-------- Data provided
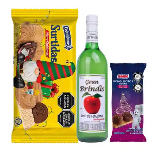 MATRIMONIO VINO MANZANA GRN BRINDIS 750ML + GALLETA COLOMBINA 200GR + PONQUESITO VINO X72GR EMPACADO EN PAPEL CELOFAN
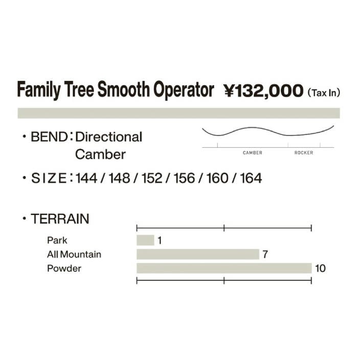 定価:120000+(税)モデルSmoothOperatorサイズ156概要オールマウンテン/パウダー スノーボード。 スピードと優れたレスポンス、抜群の浮力で、深雪でも攻めのライディングを楽しめます。
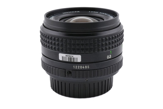 Manual focus wide-angle lens made for MD/SR-mount 35mm SLRs by Minolta starting in 1977. Metal body available in black.
----------------
▶ **Task statement**
From the material above, output every line exactly as written, dropping any picture.

▶ **Solved exercise**
 MATRIMONIO VINO MANZANA GRN BRINDIS 750ML + GALLETA COLOMBINA 200GR + PONQUESITO VINO X72GR EMPACADO EN PAPEL CELOFAN
 定価:120000+(税)モデルSmoothOperatorサイズ156概要オールマウンテン/パウダー スノーボード。 スピードと優れたレスポンス、抜群の浮力で、深雪でも攻めのライディングを楽しめます。
 Manual focus wide-angle lens made for MD/SR-mount 35mm SLRs by Minolta starting in 1977. Metal body available in black.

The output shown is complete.